For some paintings containing other well-known works of art, Visual Look Up goes one step further and recognises one or more of the paintings within the painting, in this case Louis Béroud’s The Mona Lisa in the Louvre (1911).

vislookup5

However, for the moment, Visual Look Up doesn’t seem capable of recognising different objects within a painting, such as breeds of dog, which it happily does within photo images. It’s very skilled at those, recognising our daughter’s Havanese, a fairly unusual breed, in a poor photo, for example.

To perform Visual Look Up in Preview, open the image and wait until the Inspector button shows a + sign at its upper left, indicating that the feature is available. Click on that Inspector button, and as well as the Inspector window appearing, the white Visual Look Up button should appear in the centre of the image. If you leave the Inspector window open, this should happen automatically when you open other images.

Photos is similar to Preview: open the image you want to Look Up, and after a couple of moments its Get Info button should show a + sign at its upper left if Look Up is available. Click on the button to open the Info window, and all Visual Look Up buttons available should be revealed on the image.

Visual Look Up is successful in identifying a very wide range of Western paintings, and seldom reports that it can’t identify a painting. It does make the occasional mistake, which gives us a glimpse into the mechanism it uses for recognition. For instance, the only error it has made here so far was misidentifying Pissarro’s Setting Sun and Fog, Éragny (1891).

Camille Pissarro, Setting Sun and Fog, Éragny (1891), oil on canvas, 54 x 65 cm, Private collection. WikiArt.
Camille Pissarro (1830–1903), Setting Sun and Fog, Éragny (1891), oil on canvas, 54 x 65 cm, Private collection. WikiArt.

Visual Look Up told me that was Akseli Gallen-Kallela’s Landscape in Kuhmo (1890), an error no human would make. This reflects the fact that the mechanism used here doesn’t resemble that of human vision.

gallenkallelakuhmo
Akseli Gallen-Kallela (1865–1931), Landscape in Kuhmo (1890), oil on canvas, 14 x 31 cm, Gösta Serlachiuksen taidesäätiö, Mänttä-Vilppula, Finland. Wikimedia Commons.

From my initial exploration, Visual Look Up is dependent on multiple internet connections to several different Apple servers. Much of the work is performed by VisionKit and VisualSearch. These initially analyse the image and determine which type it is. If it’s a painting, they then calculate what Apple terms a Neural Hash, a near-unique signature which is largely independent of colour balance, resolution, even cropping within limits. That Neural Hash is then looked up online in Apple’s dictionary to find the nearest match, for which details are then fetched from Apple’s servers.

Confusion between the Pissarro and Gallen-Kallela paintings above resulted from a ‘collision’, in which their Neural Hashes are sufficiently similar to result in misidentification, one of the reasons that Apple was dissuaded from using this technique to detect CSAM. When it’s relatively unimportant, errors like this are tolerable.

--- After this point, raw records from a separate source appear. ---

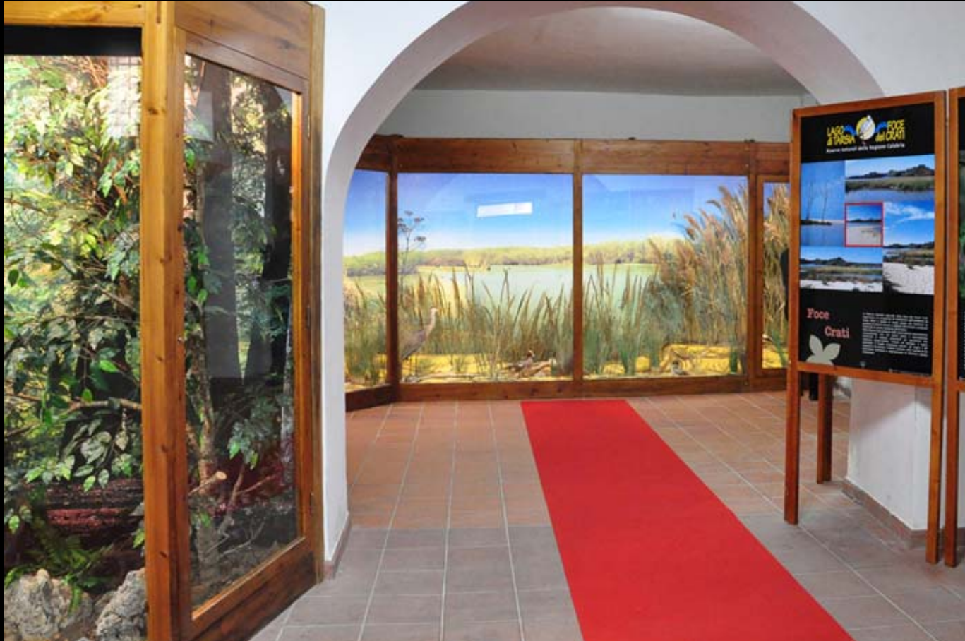
Museo di Storia Naturale della Calabria Sezione Diorami Aree Protette della Calabria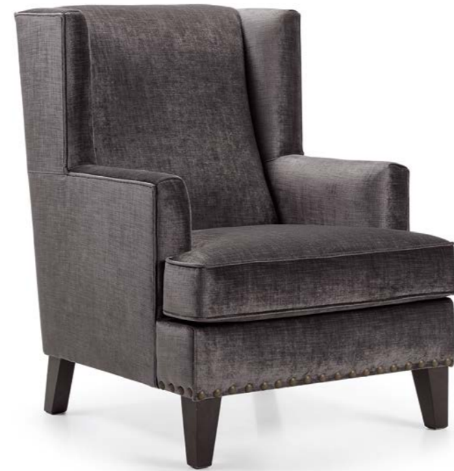
Butaca TEIDE con tachuela sólo en frente / TEIDE armchair with studs only on front / Fauteuil TEIDE clouté sur partie frontale

Patas en madera barnizada Varnished wood legs Pieds en bois verni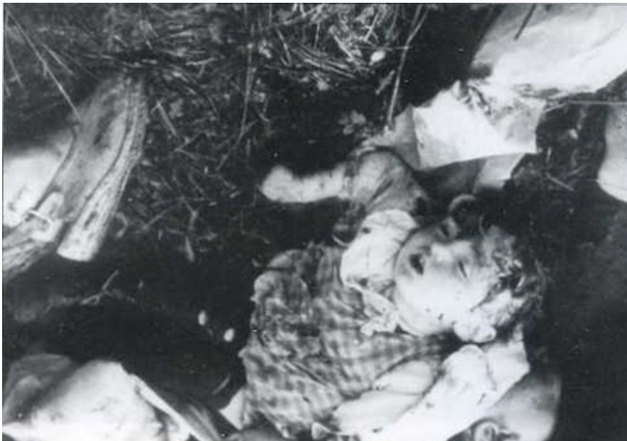
Belzec, újezd Rava Ruska, vojvodství Lvov, 16.června 1944. Místo masakru v lese.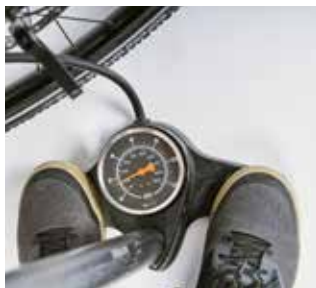
Eine Standpumpe mit Manometer sollte zur Grundausrüstung gehören.

Moderne Fahrradreifen sind sehr pannensicher; spitze Glassplitter oder ein Nagel können aber dennoch zum Defekt führen. Macht sich schleichender Luftverlust durch einen eingedrungenen Fremdkörper bemerkbar, sollte dieser nicht rausgezogen werden,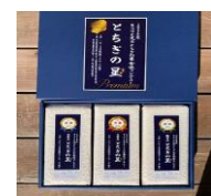
三冠ギフトセット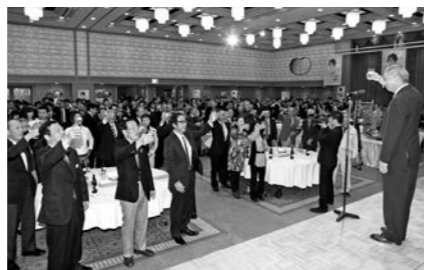
発売開始を祝い乾杯する関係者

10月4日、高級食材として注目されている宮守産根ワサビの魅力をもっとPRするワークショップを、神戸市で開催してきました。都会に暮らす若者を中心に23人が参加。採れたてのワサビを解体し、実際に擦りおろすまでの過程を紹介しました。参加者のワサビに対するイメージは、ほとんどがチューブに入った「練りワサビ」。本物のワサビを見て試食し、参加者はその香り高い味わいに驚いた様子で、「ワサビはベランダで育てられますか?」といった新鮮な反応もありました。宮守産のワサビを若い世代に知ってもらい機会として、今後も開催していきたいです。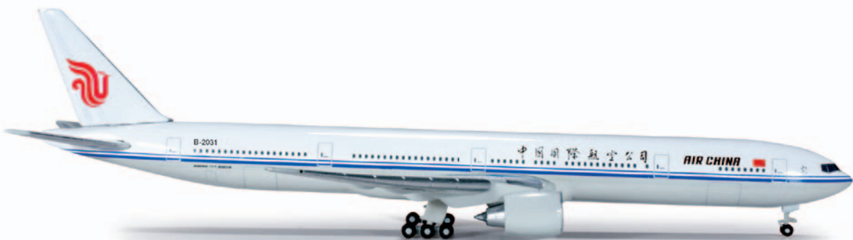
518994-001 Air China Boeing 777-300ER Neue Registration / New registration: B-2031 Notausstiegsmarkierungen auf Tragflächen ergänzt. / Wings exit markings added.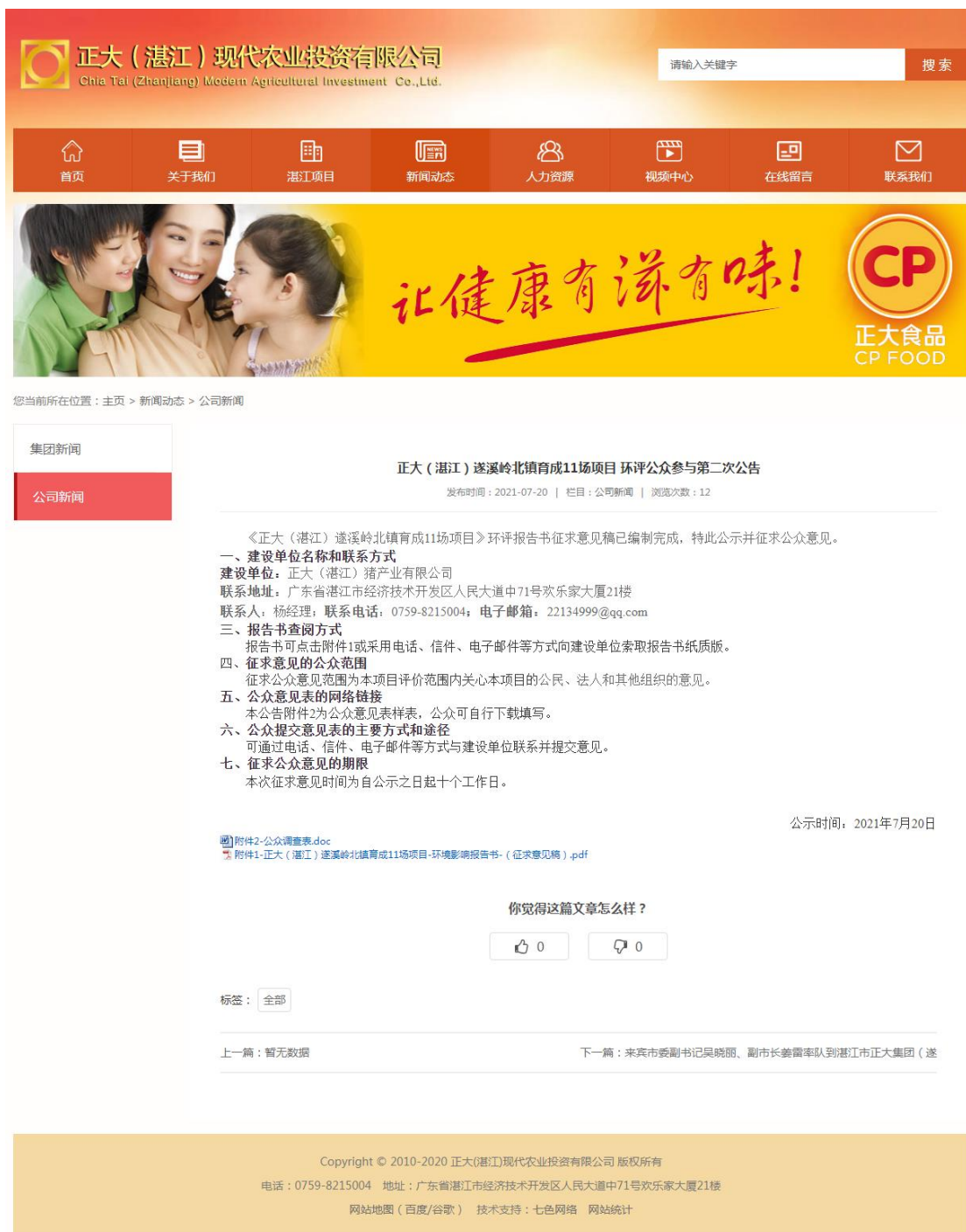
图 2 征求意见稿公示截图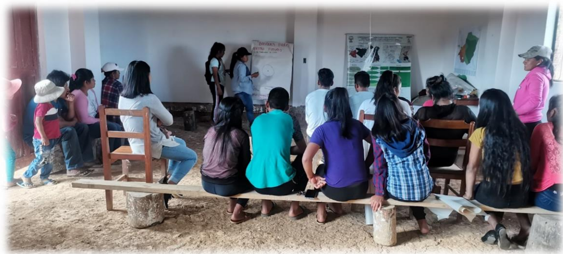
Foto 3. Facilitadores desarrollan taller de estrategias en la U E Pucasucho.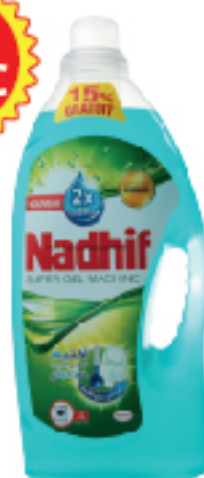
Gel Machine NADHIF 3 L 12 DT .490

Currently for paintings, Visual Look Up appears remarkably accurate, with vast coverage, far greater that you’d expect any single human to be capable of. However, as implemented it has two significant shortcomings.

The first is in the data that it links to. Look up most Turners in the Tate, for example, and Look Up doesn’t link to their pages on the Tate Gallery site, but in many cases to commercial vendors of replicas, whose information about these works is often limited and unhelpful, sometimes incorrect. The information given doesn’t appear to have been structured by an art expert either: media and location are rarely given, and the only dimension provided is the height of the painting in feet. Hopefully Apple will improve these in the future, and make Visual Look Up the uniquely powerful tool that it should be.

The sad thing for me, though, is that I’ll never be able to get away with spoofs like this again. Visual Look Up gets the artist right every time, and all but one of the paintings identified correctly.